I should try to finish the post that I basically abandoned the other day. Maybe in my fatigue I have more clarity. Burn It Clean for you Mudhoney fans. My friend Robert told me the other day about Eugene O'Neil. After he spent 24 years being intellectual, respected, getting paid, and earning kudos, he was so spent that he couldn't write anything but that which he exactly wanted--that which he wanted to see. Putting it all on the line he wrote some of the greatest plays in American history. After he gave up on being a great playwright!

Anything you want to win you've got to be willing to lose. A Final Four game, your relationship, at love, songwriting, anything. Everything.

My point last time (a few days ago) was that being alive, and excelling is basically like fucking the world. If you can stare in the eye of that which you love more than anything and remain dedicated wholy to being yourself, then you are going to be very successful at whatever you attempt. If you can do it when everyone around you is getting excited, falling apart, crying, annoying you, or just doing their damn thing, then even more power to you.

The more tired we get. The more stressed or scared we get. The more excited we get, the more we crave collapse. To just get the sucker done with and give up. And the more easily we collapse, the less able we are to please those around us. (Essentially please--which can easily piss the hell out of them in the short term--not please them, kissing-their-ass, pleasing them). And feel the way we want to feel about ourselves.

The crucible where all of this comes together and cannot be faked is fucking. You can be as smart as you want, as cool as you want, as cute as you want, as talented as you want, etc. etc. etc., but if you ain't bringing it, how is anyone going to really feel you? Even if they want to? How are you going to feel yourself? And how could you ever separate the two? (Yes you will have to prioritize them--and I highly recommend it--but separate them at your own risk. The bottom line is you want to receive and give love--and can't live without either.)

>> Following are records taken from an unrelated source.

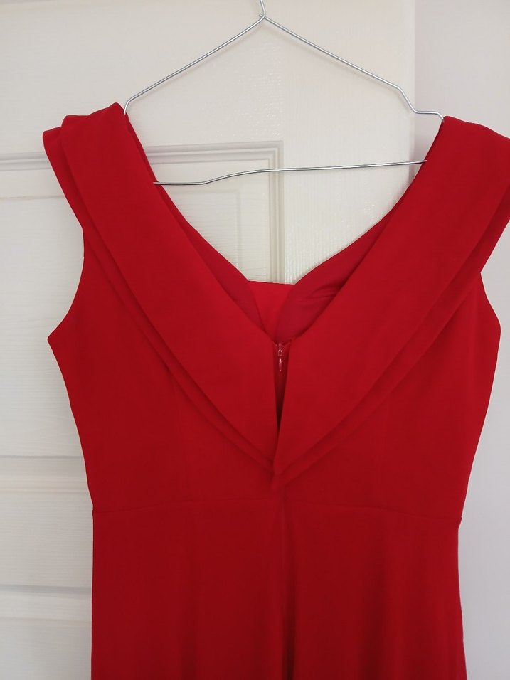 Parlak kırmızı kumaştan, drapeli V yaka ve kolsuz tasarıma sahip, ince kesim midi abiye elbise. Romantik buluşmalar için minimalist ve çağdaş bir tarz sunar.
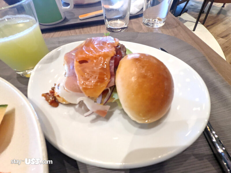 ハンバーガーのソースにはケチャップやチーズソースがあります。更に…生ハムやスモークサーモン、チーズなどをセルフトッピングできます!朝から贅沢~♡
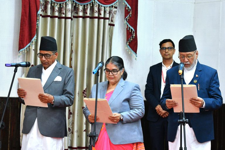 राष्ट्रपति कार्यालय आज अपराह्न आयोजित विशेष समारोहमा राष्ट्रपति पौडेलले मधेस प्रदेशका प्रमुख सुमित्रा भण्डारी, गण्डकी प्रदेशका प्रमुख डिल्लीराज भट्ट र सुदूरपश्चिम प्रदेशका प्रमुख नजिर मियाँलाई पद तथा गोपनीयताको शपथ गराएका हुन् ।
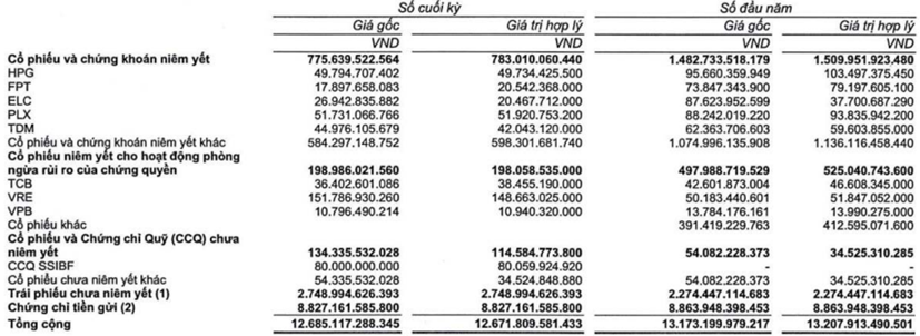 Trong khi đó, mảng tự doanh của SSI lại chưa thực sự hiệu quả với lãi từ các tài sản tài chính ghi nhận thông qua lãi/lỗ (FVTTPL) giảm 20% so với cùng kỳ, xuống 580 tỷ đồng. Giá trị danh mục FVTPL cuối kỳ đã giảm hơn 500 tỷ đồng so với đầu năm, còn 12.672 tỷ đồng trong đó các cổ phiếu có tỷ trọng lớn có thể kể đến như VRE, HPG, PLX,...
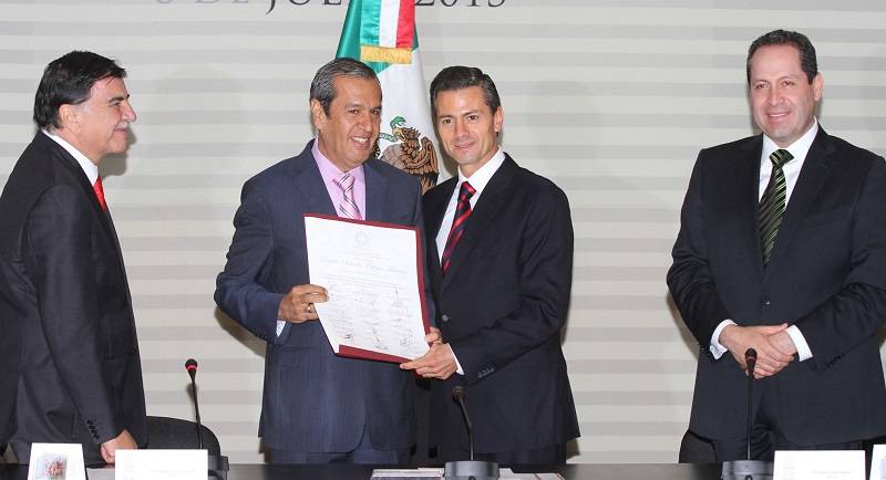 El gobernador de Guerrero, Rogelio Ortega Martínez recibió un reconocimiento por parte de la Conferencia Nacional de Gobernadores durante la XLIX Sesión Ordinaria celebrada en Tlaxcala, por su participación en los diferentes trabajos de la Conago, mismo que le fue entregado por el presidente de la República, Enrique Peña Nieto. Los acompañan los mandatarios de Tlaxcala, Mariano González Zarur y del Estado de México, Eruviel Ávila Villegas.
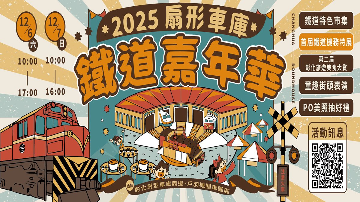 交通部觀光署參山國家風景區管理處攜手彰化縣旅遊產業協會,於本周末12月6號至7號在「戶羽機關車園區」,舉辦「2025扇形車庫鐵道嘉年華暨第二屆彰化旅遊美食大賞」,國定古蹟「彰化扇形車庫」在「2025台灣設計展」封閉整修後,以全新的工業美學亮相,再度吸引全台旅客目光。這座獲選為交通部觀光署「觀光亮點票選」的人氣景點之一的百年車庫,搭配市集、美食與鐵道文化活動,邀請民眾在普發現金後,安排最划算的鐵道輕旅行。

I would go so far as to say that men fall into two catagories, those who shirk from the challenge and those who crave it. Those who have performance anxiety and those who want the ball. Most of us are 3-D enough to have both at various points.

This is not to say that if you're good in bed you've got it going on spiritually. There are plenty of people who hide behind sex and sexual prowess even. This is just to say that all this shit--and I mean all of it--is inter-related. Just like in The Alchemist. And the way you want to be is what you want--ripped abs and all--and getting there--the sit-ups--is what it's going to take to get there.

And there aren't any shortcuts or fronts. You can't fake value--ever. You may be able to manipulate people--or yourself--short-term, but you will never get over on God. Who is you. Even when you refuse to be. You may be forgiven (and you are), but the difficult part about that is that you have to feel grateful to assimilate the grace that you had and didn't have to work for. Which is almost as difficult as doing the work as far as I can tell. : ) Whooo whooo!

So I was saying that I was falling in love. Becoming incorporated. Getting into this being that folks have named Eben Carlson. Getting into being this being. Owning all that that indicates. Or something like that.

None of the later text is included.